Not many women can remember the first dress they bought. Marlies Dumbsky does. It was the dirndl that she wore as the Volkach wine princess. Little by little, more and more clothes were hanging in the closet, because in 2008 she first became Franconian and later German wine queen. “I wasn’t a princess at all,” she says with a laugh. “As a child I was very wild, very boyish and played with cars.” So the office of wine queen was not a childhood dream. The dream of the princess is also the wrong approach. “You do it for the wine, the winemaker and yourself,” is how the now 35-year-old sums up her experiences. She actually doesn’t like being the center of attention either. But as a wine princess, the winemaker noticed that it was easy for her to stand on stage. “The office as wine queen was then only a logical step,” says Dumbsky.
Freedom in New York
As a result of this step, the woman from Volkacher promoted German wine all over the world. She was often out alone. She received an email from the winegrowing association with flight details and hotel, and then off we went. “That was exciting,” she says, listing her goals: Japan, Sweden, India, Denmark, Finland, Venezuela, China and New York. “I was 22 and I walk through New York by myself. That was crazy. An unbelievable feeling of freedom.”
Dumbsky had a rather queasy feeling in Venezuela. The pilot ?? back then you could still go into the cockpit ?? advised her to hide her steel blue eyes behind sunglasses and to be very careful. Just don’t wear jewelry or anything valuable. She was particularly afraid of the crown. That’s why she didn’t carry it in her suitcase on the return flight, but in her hand luggage. Then the shock: your pocket is searched and the crown is discovered. “I was convinced that she was gone now,” says Dumbsky. The inspector looked at the crown and asked what it was. “Then I told him that I was a carnival princess. Thank goodness I was allowed to get on the plane with Krone.”
Often Dumbsky did not wear the crown at all during her appearances. “I wasn’t a queen, I was a PR woman,” she explains. The wine queen must be a specialist, otherwise she will not be taken seriously. “I was happy that I was a trained winemaker,” she says. So she was able to talk to winegrowers and journalists on an equal footing. “The office is incredibly demanding, but I’ve also learned so much,” she explains in retrospect.
She likes to remember appointments with journalists and visits to winegrowers. “I had such great tastings and tastings,” she says. The royal motorcycle tour on the Moselle, Rhine and Middle Rhine was also great. “That was something special,” says the passionate motorcyclist. She also met one or the other celebrity, but: “I’m not a celebrity hunter.” It was important to her to promote German and especially Franconian wine. “As an advertising person, I brought Franconia into the media, also internationally,” she says, a little proud.

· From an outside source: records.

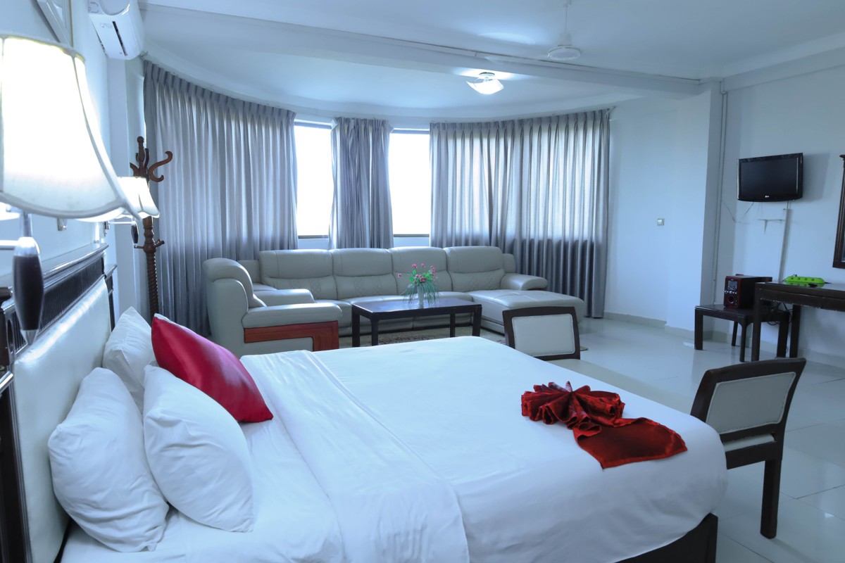 The Luxury Room at Samrat Hotel in Dire Dawa offers an expansive space of 35 to 40 square meters, featuring a king-size bed suitable for one or two guests. Amenities include individually controlled air conditioning, a study desk, a full sofa set, high-speed Wi-Fi access, a multi-channel television system, an individually controlled music system, and in-room hot drink facilities. Guests can also enjoy 24-hour room service, and non-smoking rooms are available upon request. Check-in time is from 12:00 PM, and check-out is until 10:00 AM.
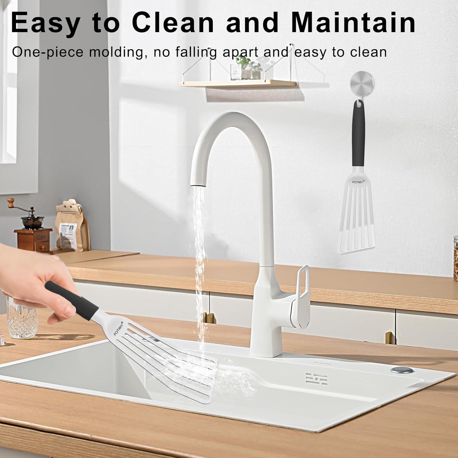 - Precision Blade Design: With a wide surface area, the curved end is matched with a flexible thin beveled edge, which can accurately slide into the bottom of delicate food without sticking, and the slotted spatula design is easy to drain excess grease
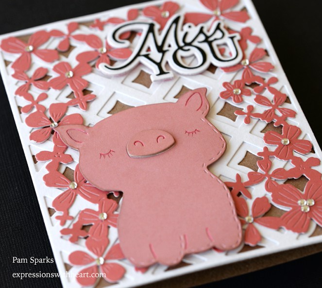 5. This actually hurts. Ohhhh, your first card is so beautiful with all the flower dimension and color and popping on the black and white. And then your second card is utterly adorable with the piggy on lattice and the beautiful flower frame. I’m not sure which of these dies I can live without. You’re so good!
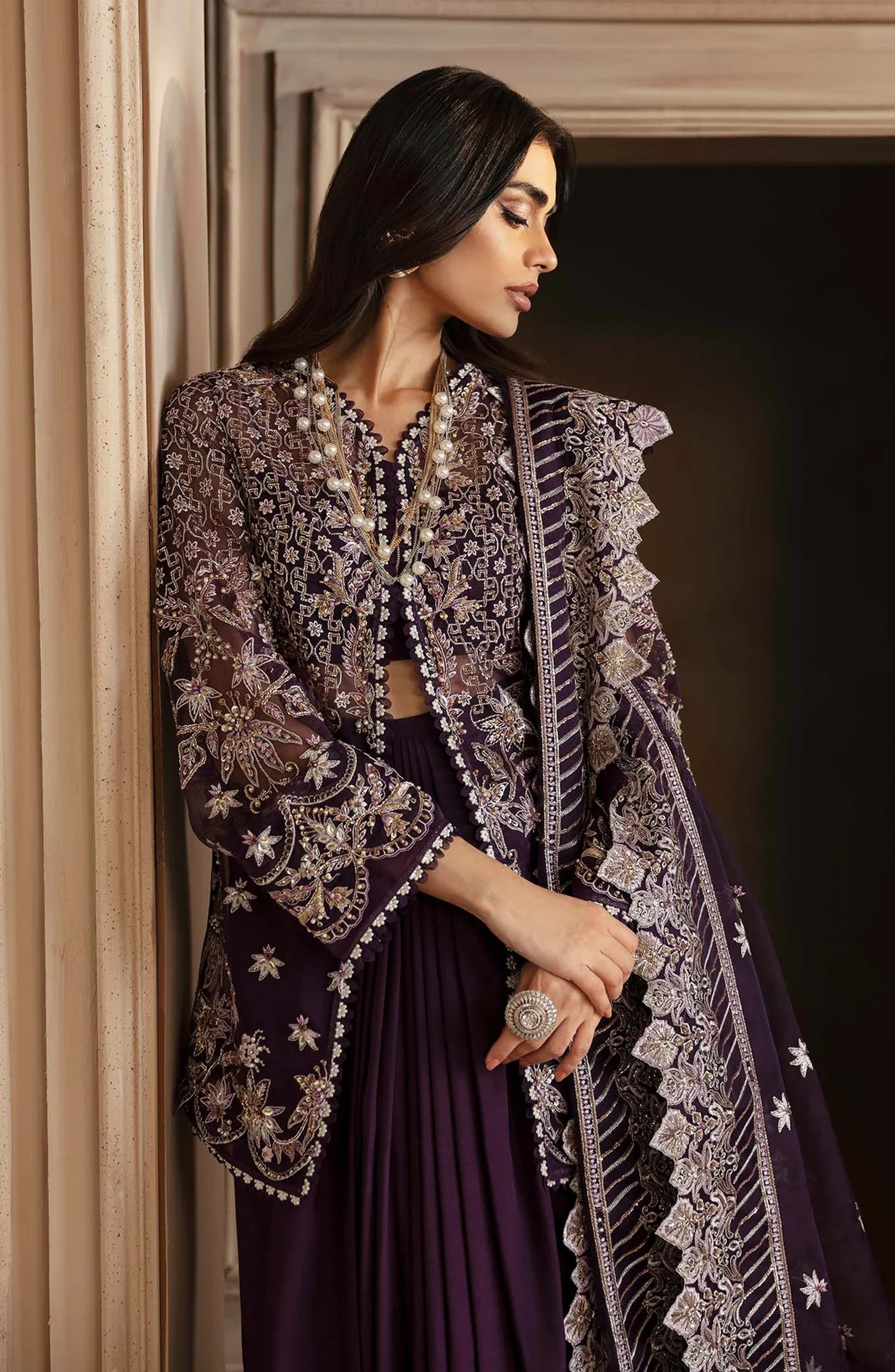 Organza Embroidered Hand Embellished Front: 30"
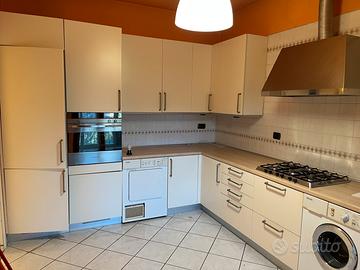 Cucina angolare completa di pensili ma senza elettrodomestici di marca Acheo. Colore bianco magnolia
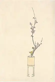 - Le Seika ou shōka (活花 / 生花), "fleur pures"[12], est un arrangement qui consiste en seulement trois parties principales, représentant l'humain, le ciel et la terre. Il s'agit d'une composition simple conçue pour révéler la beauté unique de la plante elle-même. C'est la formalisation du style nageire qui a abouti au style shōka, plus formel.
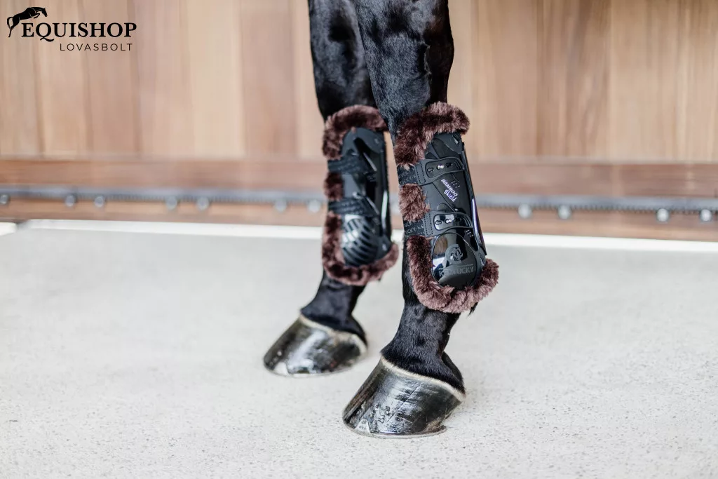Mivel a fenntarthatóságra összpontosítunk, egy új, zöld technológiát szerettünk volna kifejleszteni, amelyet mindenki ismer. - Erős TPU héj több szellőzőnyílással az optimális szellőzés és hűtés érdekében - Az ín területét bambuszpajzsunkkal erősítettük meg, hogy megakadályozza az éles tárgyak behatolását - A bambuszpajzs antibakteriális - Továbbfejlesztett szabással tervezték a maximális mozgásszabadság érdekében - Vegán báránybőr a még nagyobb kényelemért és légáteresztő képességért - Rico teszten jóváhagyott és RCT tanúsítvánnyal rendelkezik Miért a bambuszpajzs? Mivel a fenntarthatóságra összpontosítunk, egy új, zöld technológiát szerettünk volna kifejleszteni, amelyet mindenki ismer. A bambusz a világ leggyorsabban növekvő növénye, amely hatalmas szakítószilárdsággal rendelkezik, megakadályozza az éles tárgyak behatolását, és antibakteriális. A csizma erős TPU héjból készült, több szellőzőnyílással az ín területén és egy nagyobb háromszög alakú hálós szellőzéssel. Az ín területet bambuszpajzsunkkal erősítettük meg, hogy megakadályozza az áthatolást. Ahol a ló hajlik, egy puha természetes gumi darabot adtunk hozzá a súrlódás elkerülése érdekében. A csizma belső részét egy extra TPU réteggel erősítettük meg a nagy kopásállóság érdekében. Saját fejlesztésű tesztelőgépünk 80 N erőt hoz létre, amely egy borotvaéles fejszével esik le egy vízszintes lólábra. Bambusz pajzsos lócsizmánk ellenáll ennek az extrém tesztelési módszernek, amelyet nem lehet összehasonlítani semmilyen valódi lovaglás közbeni ütéssel. A csizmák Rico teszten jóváhagytak és RCT tanúsítvánnyal rendelkeznek. Szövetek és anyagok A vegán báránybőr ínvédők bambusz elasztikus anyagból készülnek, amely rendkívül lélegző vegán báránybőrből készült, amelyet évek óta használunk híres szállító kötőfékünkhöz, versenytakaróinkhoz és hevedereinkhez. Robusztus külső héjjal rendelkeznek, könnyű, mégis erős TPU héjból, az ín területén egy kiegészítő bambuszpajzs betéttel az ütések és éles tárgyak behatolása elleni optimális védelem érdekében, valamint antibakteriálisak is. Forma és méret Az anatómiai kialakításnak köszönhetően a csizma szépen illeszkedik a lólábhoz, maximális kényelmet és védelmet nyújtva. Ez lehetővé teszi a ló számára a maximális mozgásszabadságot, hogy jobban ugorhasson. Az ízület alatti puha és rugalmas gumibetét a lónak is nagyobb kényelmet biztosít mozgás közben.
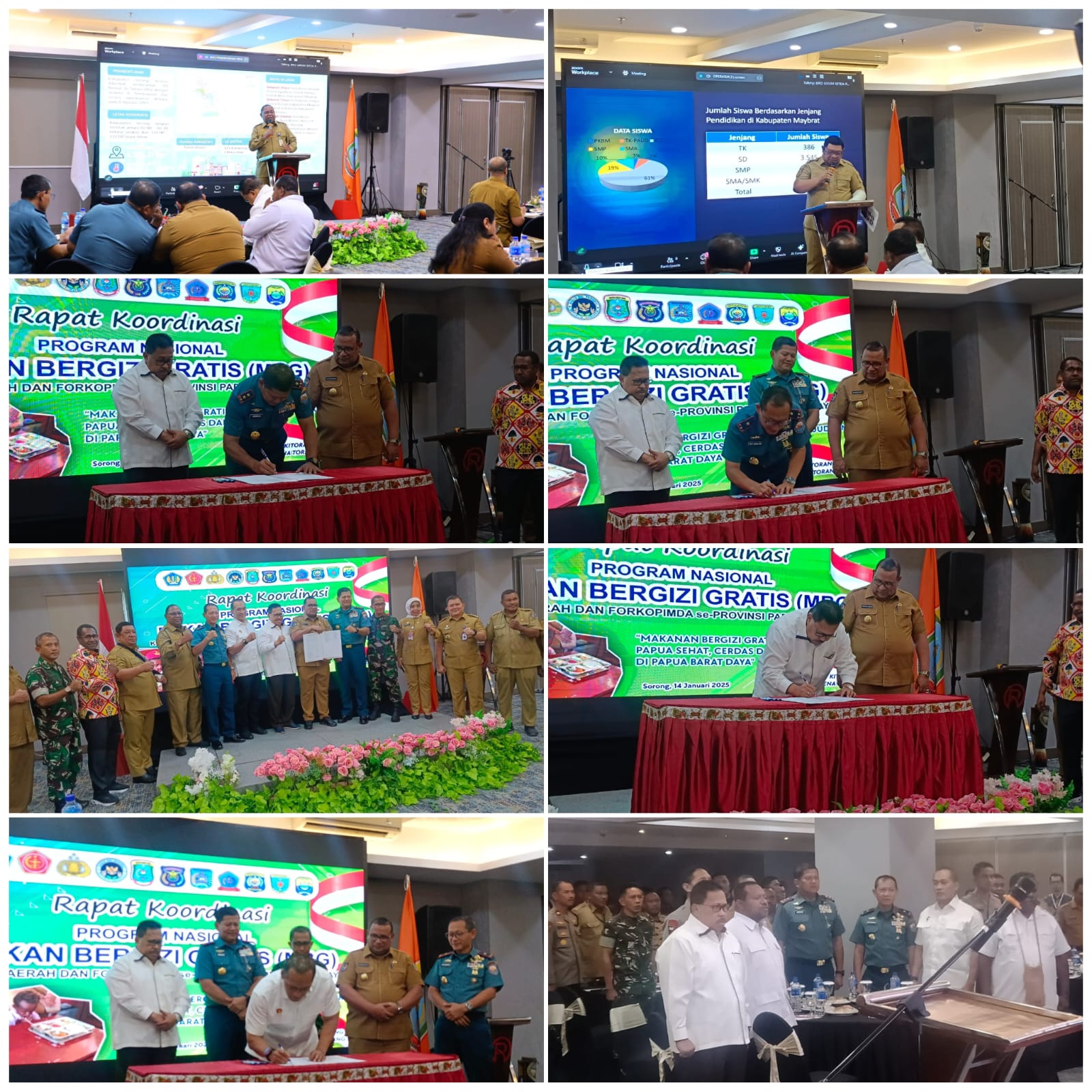 Bupati Sorong Selatan, Samsudin Anggiluli, SE., M. Tr. AP, juga memberikan laporan tentang upaya pemerintah daerah dalam memanfaatkan data pendidikan untuk mendukung pelaksanaan program ini, sementara Bupati Maybrat, Vincente Campana Baay, melaporkan kesiapan kabupaten tersebut dalam melaksanakan program MBG dengan menargetkan lebih dari 4.000 siswa sebagai penerima manfaat.
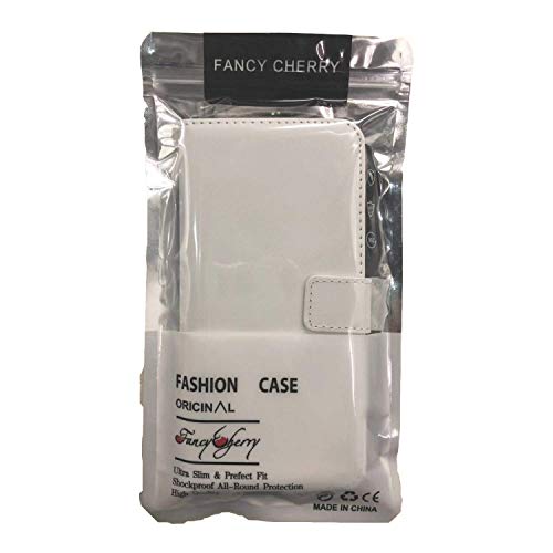 Fancy Cherry, custodie a libro di lusso, in vera pelle, con porta carte di credito, per Apple iPhone 4, 4S, iPhone 5, 5S, 5C, iPhone 6, 6 Plus, iPhone 7, 7 Plus, iPhone 8, 8 Plus, iPhone X, alta qualità, Pelle, White, per iPhone 5c
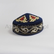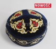 Tradycyjna krymka kazachska (topu, takija, tiubetejka, jarmułka) granatowa czapka męska ze środkowoazjatyckimi wzorami etnicznymi.
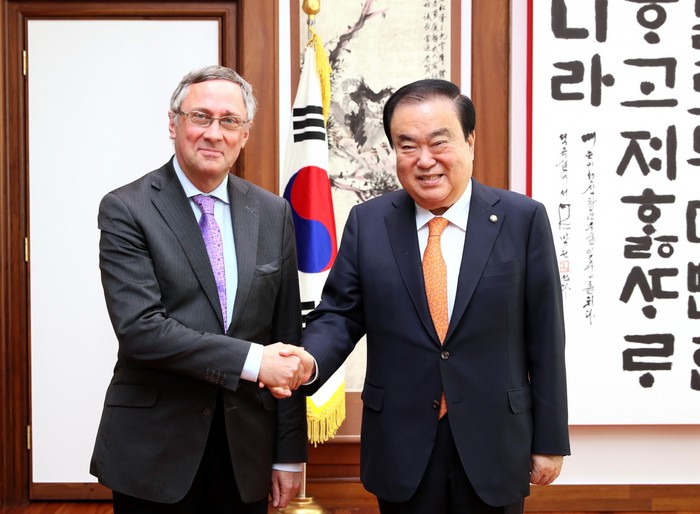 문 의장은 먼저 레스쿠이에 대사의 부임을 축하한 뒤, “한-벨기에 양국은 1901년부터 아주 오랜 기간 동안 수교를 맺어왔고, 다양한 분야에서 긴밀히 협력해 왔다”면서 “특히 이 자리를 빌려 과거 한국전에 약 3,500명의 벨기에 병사를 파병해주신 것에 대해 다시 한 번 감사의 인사를 전한다”고 말했다.

Did she get the hype about her person ?? “As a wine queen you are something special for the winemakers” ?? too much, she went into the vineyards. “That’s when I came down and was grounded,” says Dumbsky, who still helps her parents on the winery today. She has been a member of the Volkach City Council for the Greens since last year. She actually didn’t want anything to do with politics. But she came to politics through her studies in media and communication studies and above all through her master’s thesis “Lobbying in Agriculture”.
Dumbsky works as a press officer for Ludwig Hartmann, the parliamentary group leader of Bündnis 90 / Die Grünen in the Bavarian state parliament. Because she wanted to help the Greens in Volkach, she decided to run. “I don’t think I was elected because I was once a wine queen,” she says. “The name Dumbsky is known in Volkach.” And if she did, she wouldn’t care, because her advice to future wine queens: “Don’t worry about what the others say”.